De todos modos su padre insistía en que no estaba tan fuerte y sano como le gustaría estar. En una conversación privada le dijo que sospechaba que el prolongado enfriamiento le había debilitado el corazón, y que su médico de Bath no lo contradecía en eso, aunque en realidad tampoco había confirmado sus temores. Fuera como fuera, el duque había comenzado a poner en orden sus asuntos.

Y lo primero que tenía en su lista era a su hijo y heredero.

Joseph tenía treinta y cinco años y estaba soltero. Peor aún, consecuencia directa de estar soltero, no tenía ningún hijo en la sala cuna. La sucesión no estaba asegurada.

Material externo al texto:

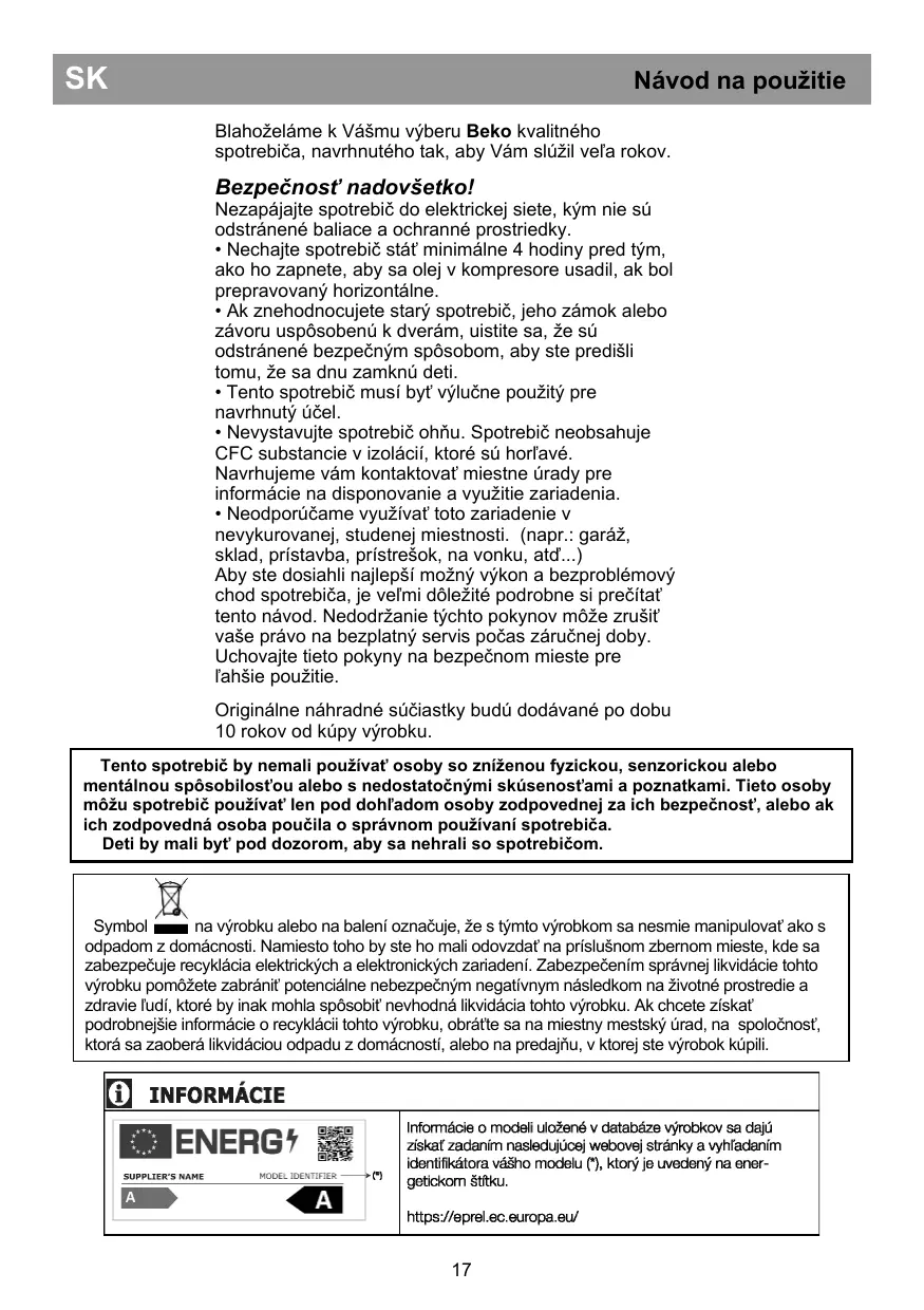NÁVOD NA OBSLUHU RCSA270K30XBN BEKO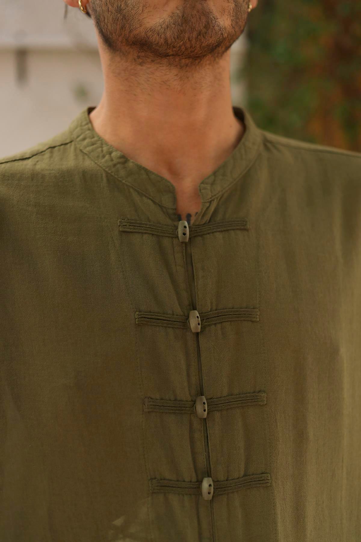 Khaki Mandarin Collar Men's Shirt (EG-TO-009-PA-HA-S)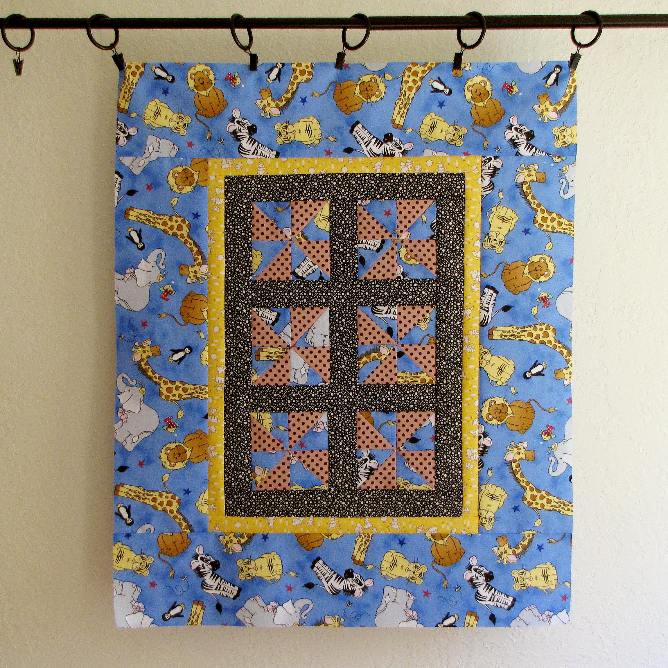 I like to start by seeing what the Four Knaves quilt block looks like set side by side in a simple straight set with borders.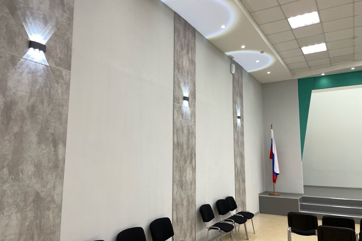 Директор учебного учреждения Марина Подшивалова показала народным избранникам недавно отремонтированный актовый зал. Помещение стало светлым с современными дизайнерскими решениями, а сцену удалось сделать более низкой и просторной.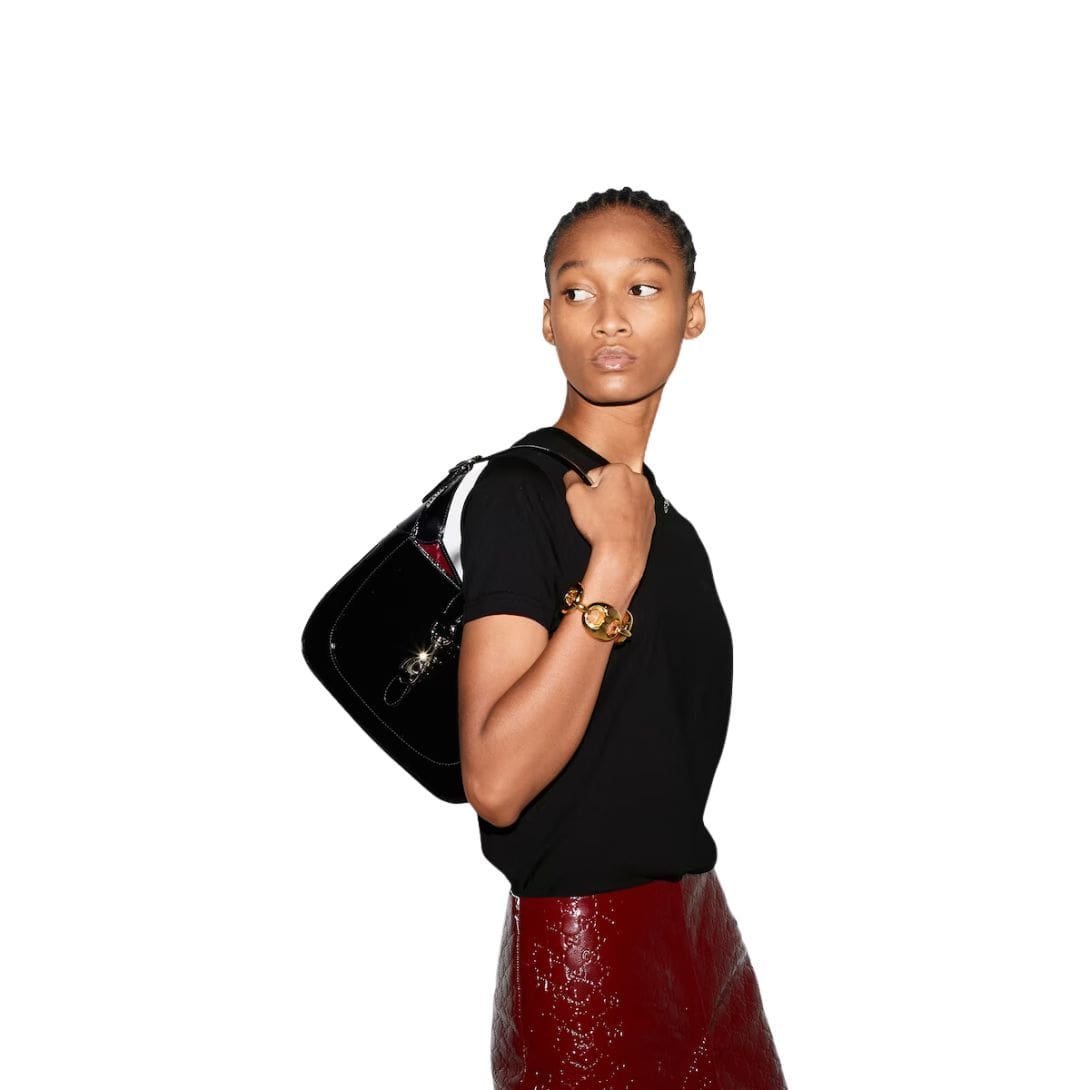 Crafted from the finest materials, the Jackie Small Shoulder Bag showcases Gucci’s unparalleled craftsmanship and attention to detail. The bag is available in a variety of finishes, including supple leather and the brand’s signature GG Supreme canvas, providing options to suit different styles and preferences. Each version is meticulously constructed, ensuring durability and a luxurious feel.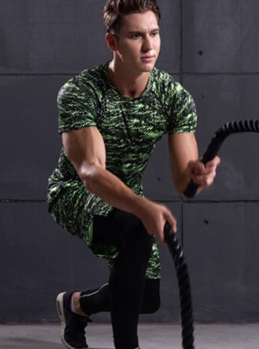吸汗速乾着圧インナー半袖+タイツ+パンツ 3点セット♪黒×緑 M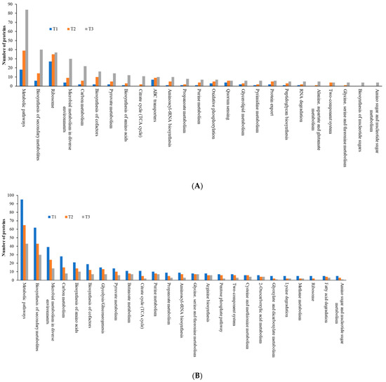 Top 25 KEGG pathways in differentially expressed proteins identified from S. epidermidis strain RP62A biofilms grown with sublethal MIC of TC. (A): upregulated proteins, (B): downregulated proteins, T1: 1/8 MIC, T2: 1/4 MIC, T3: 1/2 MIC.
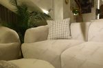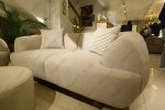 يعتمد التصميم على درجات البيج الدافئ مع لمسات الخشب الطبيعي الداكن التي تضيف عمقًا وأناقة، ويبرز الحائط الخلفي بشرائح خشبية رأسية مع إضاءة خطية مدمجة تمنح بعدًا معماريًا عصريًا يعزز الإحساس بالارتفاع والانسيابية، بينما تضيف الطاولات الوسطى العضوية بسطح رخامي عروق طبيعية لمسة فنية راقية تكسر الخطوط المستقيمة،.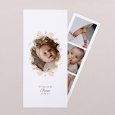 La invitación de bautizo Little Myosotis da todo el protagonismo a la foto de tu bebé, enmarcada por un delicado lazo beige y pequeñas flores de miosotis. Adornado con encantadores iconos que detallan la ceremonia, este diseño poético y dulce narrará con ternura este momento inolvidable.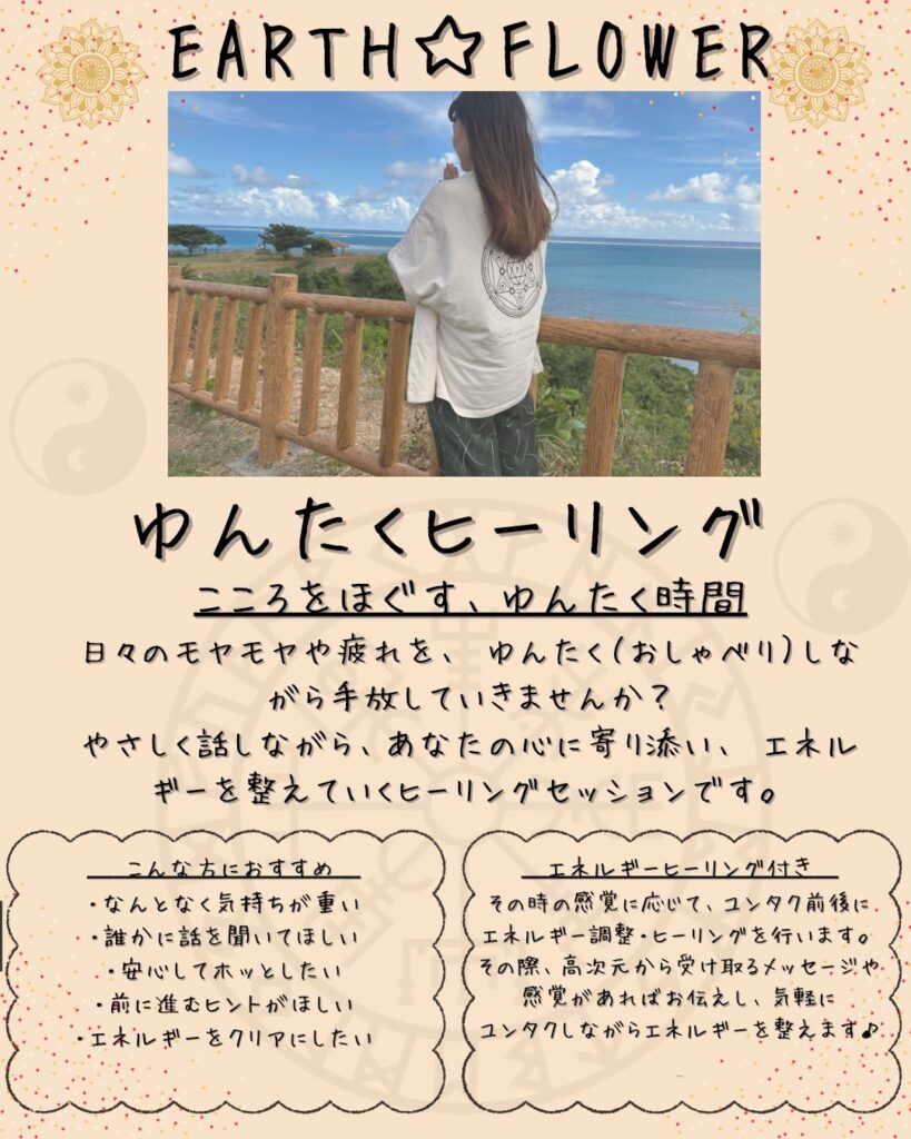 ゆんたくヒーリングは、おしゃべりをしながら心をほぐし、やさしくエネルギーを整える癒しの時間です。

El duque de Anburey había tomado medidas para remediar eso. Antes de llamarlo a él había invitado a lord Balderston a venir desde Londres y los dos habían hablado de la conveniencia de alentar un matrimonio entre sus hijos: el marqués de Attingsborough y la señorita Portia Hunt. Habían acordado hacer partícipes a sus hijos (lo de «hacer partícipes» era un simple eufemismo para no decir «ordenar») de sus deseos y luego esperar un feliz resultado antes que terminara la temporada.

Y ese fue el motivo de que lo hiciera venir desde Londres.

– Lo tendré presente, señor -dijo al terminar de abrazar a su madre-. No se me ocurre ninguna dama más apropiada que la señorita Hunt para ser mi esposa.

Lo cual era muy cierto si sólo tomaba en cuenta que su esposa sería también su marquesa, la futura duquesa de Anburey «y» la madre del futuro duque. El linaje de la señorita Hunt era impecable; también lo eran su apariencia y sus modales. En su carácter tampoco veía grandes motivos para poner objeciones. Había pasado bastante tiempo en su compañía hacía unos años, después que ella acabara su relación con Edgecombe y obviamente deseaba demostrar ante la alta sociedad que no tenía roto el corazón; él admiró su ánimo y su dignidad por entonces. Y en los años transcurridos desde aquello había bailado varias veces con ella en bailes y conversado de vez en cuando en otras reuniones sociales. Sólo dos o tres semanas atrás la había llevado a pasear en tílburi por Hyde Park a la hora del paseo de los elegantes. Pero nunca, nunca, hasta ese momento, se le había pasado por la cabeza la idea de cortejarla.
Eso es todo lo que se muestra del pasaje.